ITEM 7.01 REGULATION FD DISCLOSURE

 

On October 26, 2015, the Company issued a press release relating to the Proposed Merger. A copy of the press release is furnished herewith as Exhibit 99.1.

 

The information disclosed under this Item 7.01, including Exhibit 99.1 furnished herewith, shall not be deemed “filed” for purposes of Section 18 of the Exchange Act, and shall not be deemed incorporated by reference into any filing made under the Securities Act, except as expressly set forth by specific reference in such filing.

 

 

 
 

 

 

Item 9.01 Financial Statements and Exhibits.

 

(d) Exhibits

 

 

Exhibit No.

Description

2.1

Agreement and Plan of Merger dated as of October 26, 2015*

99.1

Press Release dated October 26, 2015

 

* The schedules and similar attachments have been omitted from this filing pursuant to Item 601(b)(2) of Regulation S-K. The descriptions of the omitted schedules and similar attachments are contained within the Agreement and Plan of Merger.

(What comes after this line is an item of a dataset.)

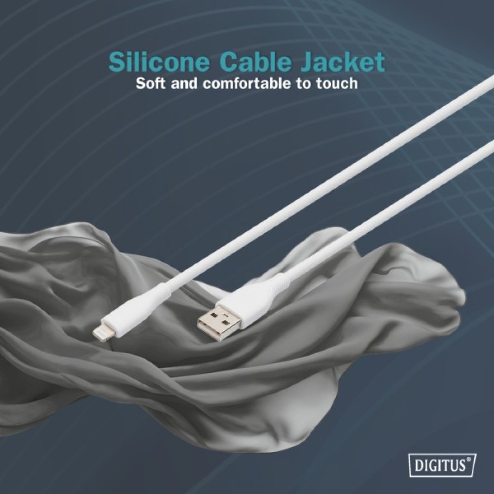 DIGITUS AK-600108-010-W — це 2-метровий кабель USB-A > Lightning із м'яким силіконовим покриттям, що забезпечує швидку та надійну зарядку і синхронізацію пристроїв Apple. Він підтримує стандарт USB 2.0 зі швидкістю передачі даних до 480 Мбіт/с і забезпечує заряджання потужністю до 12 Вт (5 В, 2.4 А). М'який силікон додає гнучкості й запобігає заплутуванню кабелю, а також забезпечує довговічність — кабель витримує до 25 000 циклів згинання. Білий колір та компактний дизайн роблять його стильним і зручним для щоденного використання.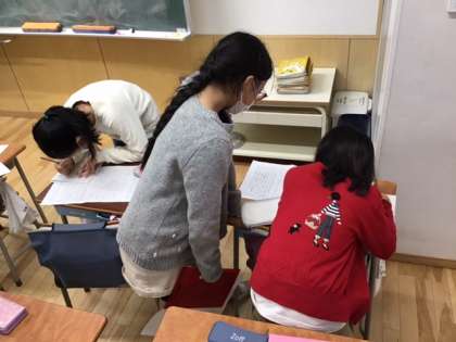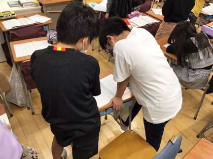 国語の時間です。「もしもの時に備えよう」友達同士で作文を読み合って、良いところや参考になるところなどを伝え合っています。

The Company hereby agrees to furnish a copy of any such omitted schedule or similar attachment to the SEC upon request.

 

 

 
 

 

 

SIGNATURE

 

Pursuant to the requirements of the Securities Exchange Act of 1934, the registrant has duly caused this report to be signed on its behalf by the undersigned hereunto duly authorized.

 

Dated: October 26, 2015

 

 

VBI VACCINES INC.

 

 

 

 

 

 

 

 

 

 

By:

/s/ Jeff Baxter

 

 

 

Jeff Baxter

 

 

 

Chief Executive Officer

 

 

 

 
 

 

  

EXHIBIT INDEX

 

Exhibit No.

Description

2.1

Agreement and Plan of Merger dated as of October 26, 2015*

99.1

Press Release dated October 26, 2015

 

* The schedules and similar attachments have been omitted from this filing pursuant to Item 601(b)(2) of Regulation S-K. The descriptions of the omitted schedules and similar attachments are contained within the Agreement and Plan of Merger. The Company hereby agrees to furnish a copy of any such omitted schedule or similar attachment to the SEC upon request.